I could just create a new btrfs on the new logical volume for lxc and
copy the data across. Slightly wary if the error I am seeing when I try
to add it to an existing file system is occurring that this will not
bite me later.
For completeness the old btrfs looks like this:
root@phoenix:/var/lib/lxc# btrfs fi u .
Overall:
Device size: 80.00GiB
Device allocated: 80.00GiB
Device unallocated: 1.00MiB
Device missing: 0.00B
Used: 69.33GiB
Free (estimated): 3.91GiB (min: 3.91GiB)
Free (statfs, df): 3.91GiB
Data ratio: 1.00
Metadata ratio: 1.00
Global reserve: 512.00MiB (used: 0.00B)
Multiple profiles: no
Data,single: Size:62.01GiB, Used:58.10GiB (93.70%)
/dev/mapper/nvme0_vg-lxc_20200626 62.01GiB
Metadata,single: Size:17.99GiB, Used:11.22GiB (62.41%)
/dev/mapper/nvme0_vg-lxc_20200626 17.99GiB
System,single: Size:4.00MiB, Used:16.00KiB (0.39%)
/dev/mapper/nvme0_vg-lxc_20200626 4.00MiB
Unallocated:
/dev/mapper/nvme0_vg-lxc_20200626 1.00MiB
root@phoenix:/var/lib/lxc#
Any thoughts?
I realise that this filesystem stack is complex.

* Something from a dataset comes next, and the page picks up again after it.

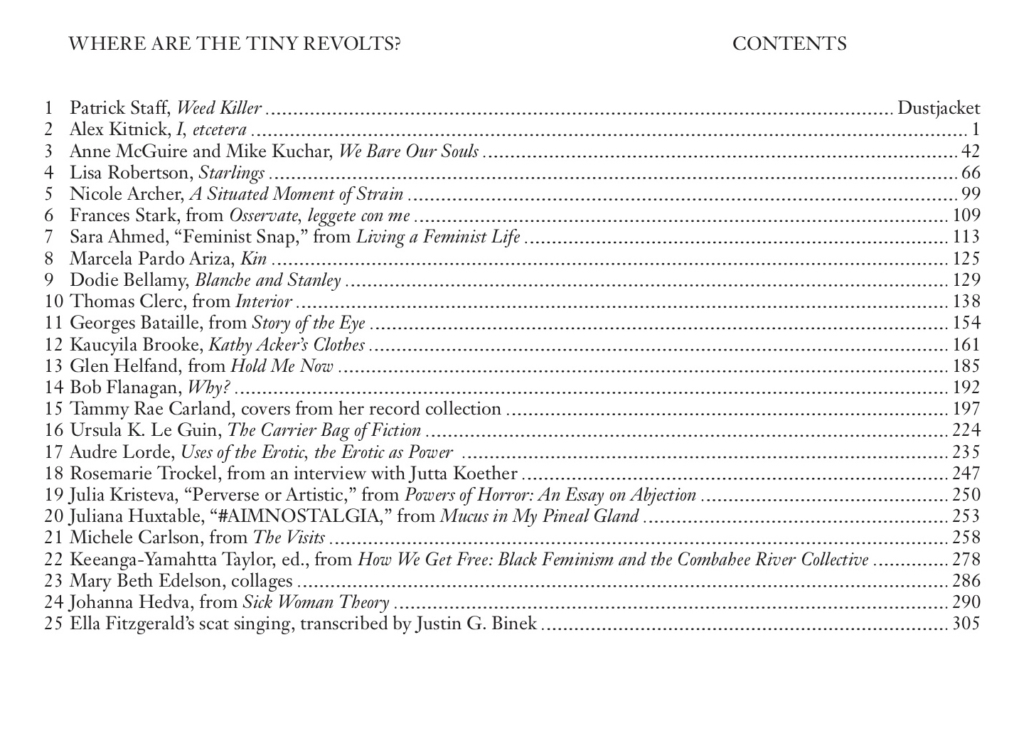Driven by the central question “What are we learning from artists today?” the first volume of the new series edited by Anthony Huberman and Jeanne Gerrity at the CCA Wattis, A Series of Open Questions, is informed by themes found in the work of Dodie Bellamy, such as contemporary forms of feminism and sexuality, the rebirth of the author, and ways in which vulnerability, perversion, vulgarity, and self-exposure can be forms of empowerment. Where are the tiny revolts? comprises a broad array of contributions, including memoir, theoretical essay, art-historical analysis, poetry, and fiction, as well as diverse visual elements, ranging from photographs by Anne McGuire and Mike Kuchar, among others, collages by Mary Beth Edelson, and drawings by Rosemarie Trockel.
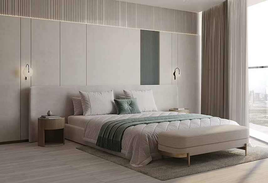 - Панорамные окна от пола до потолка обеспечивают естественное освещение и возможность наслаждаться городскими пейзажами Дубая.

The reason is that I
am running mariadb and I have used lvm to create a logical volume with a
xfs partition to hold the database as that is supposed to work better,
at least historically. Similar concerns with the qemu images. I'm
unsure of whether it gives me a sufficient performance difference to be
worth the extra complexity, and if I can't tell subjectively it is not
clear that the extra complexity is worthwhile.